Biologically speaking this is probably our body’s way of pushing the agenda of propagating the human race. During this time people seem to only see how perfect and wonderful their partners are.
4. Acting on your loved one’s primary love-language
After that phase goes away, their love tank may start to run empty because now their emotional needs are not being met. And the way to create and maintain love and warmth in relationships is to do things for your partner according to their primary love language.
For example, if your partner’s love language is Acts of Service, and you learn that they feel loved and taken care of if you did the laundry for them, then even if it feels unnatural for you, you do the laundry. Or if their language is Receiving Gifts, then you train yourself to become creative in giving gifts.
5. Love languages have their own dialects
Another interesting thing he mentioned is that there are dialects even within one language, and to make sure you fill the love tank of your loved ones, you should learn the proper dialect.
For example, if we look at the love language Quality Time, then maybe one person wants their loved ones to join them in activities like sports or housework, whereas another person might find it more fulfilling if their loved ones have good quality conversations with them regularly.
6. Taking action and making changes
Usually, he gave people the advice to start taking action on the primary loved language of their partners twice or thrice a week for two months to see any changes and ask partners for feedback. And then keep doing it regularly throughout life to stay happy and fulfilled together.
One thing I realized while reading this book is that if you have complaints against other people, try to see the nature of those complaints. The thing you complain about not getting often might be your love language.

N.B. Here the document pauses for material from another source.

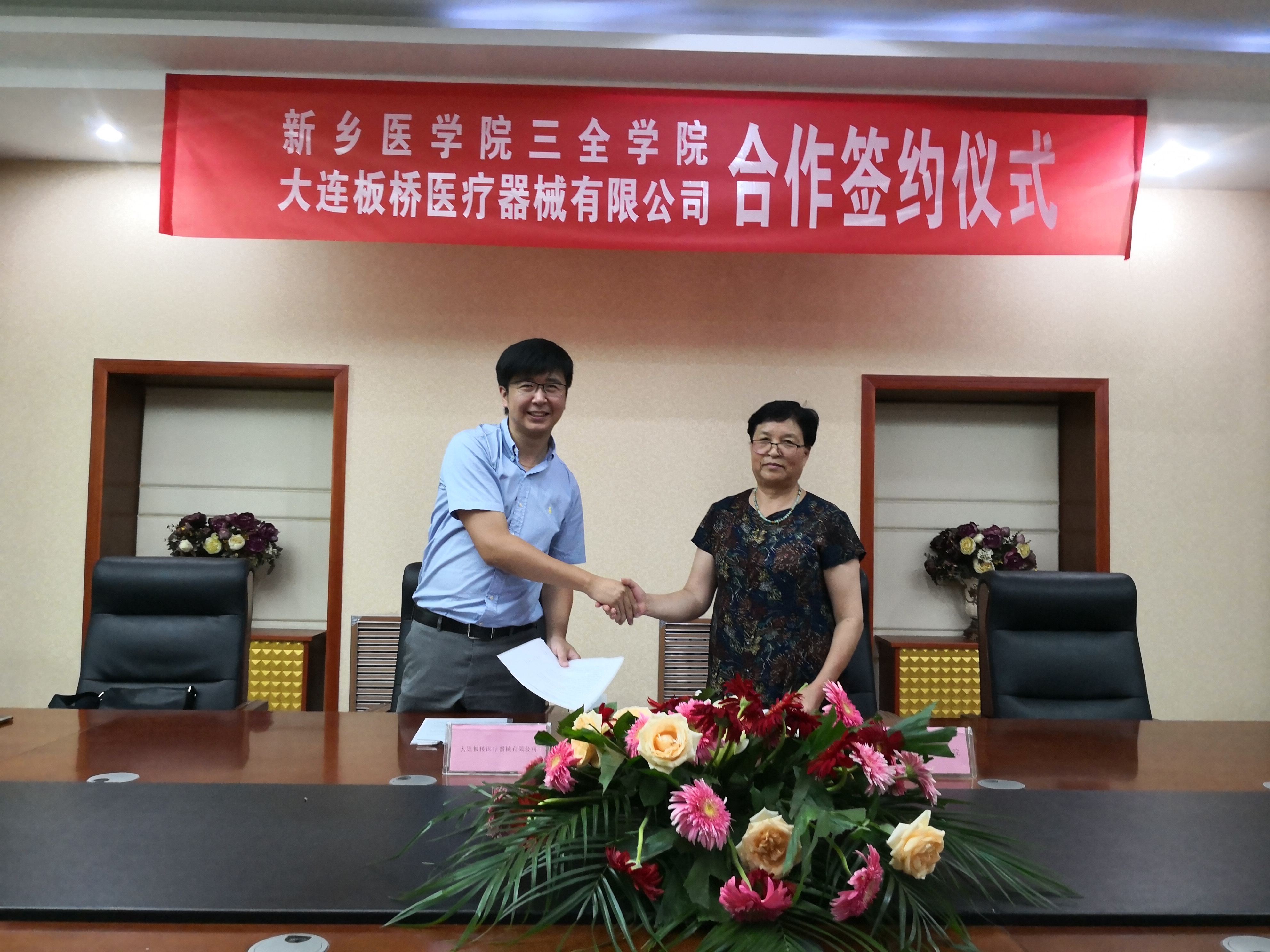 8月7日上午,我校与大连板桥医疗器械有限公司在新乡校区综合楼举行合作协议签约仪式。 大连板桥医疗器械有限公司大区经理张琦、郑州百胜医疗器械有限公司董事长田红兵、我校教务长杜华贞出席。郑州百胜医疗器械有限公司代表,学校光明眼科学院及相关部门负责人、教师代表代表参加。仪式由光明眼科学院执行院长元帅主持。

And afterwards, it’s important to recognize that even if other people are not speaking the same language, there may be other ways they are consistently showing you their love, which one can be grateful for.

💭 Some last thoughts
Overall, this book seems to have very useful concepts that can be put to practice right away in one’s daily life. So in that sense, you could say this book is life-changing. Especially for people struggling with these problems in relationships.
Dr. Champan mentioned many many examples of couples who were in a bad place, and after starting to show their love to each other in the right way, their relationships transformed.
However, I also wish that he explored more of what cases there might be when these practices don’t work. What are the limits of the bad state of someone’s relationship where it may be better to leave than to stay? I think there wasn’t much exploration of that, although some relationships discussed here that eventually recovered were in a pretty bad state.
I am also curious about whether the nature of being in a married relationship vs. other relationships has any differences when it comes to these concepts helping out.
My assumption is that perhaps this might not work out in dating relationships as effectively because there are fewer stakes to leaving your partner, rather than being patient and working things out in a marriage. But I could be wrong, and this is where there is a need for statistics, which was not a focus in this book.
📖 Conclusion and Review
Overall, this is one of the books I’m glad I came across than not. If you’re someone who would like to learn how to improve relationships with family and friends, then this book, or its counterpart for singles, may very well be worth a read.
I would rate it 4/5. The concepts may be very transformative if you come across them at the right time of your life because the book is so focused on practical advice (5/5). But the audience it reaches with the language used is limited mostly to married couples, and it is missing statistics and possible limitations of these approaches (3/5). Perhaps Dr. Chapman explores those things in some other books he has authored.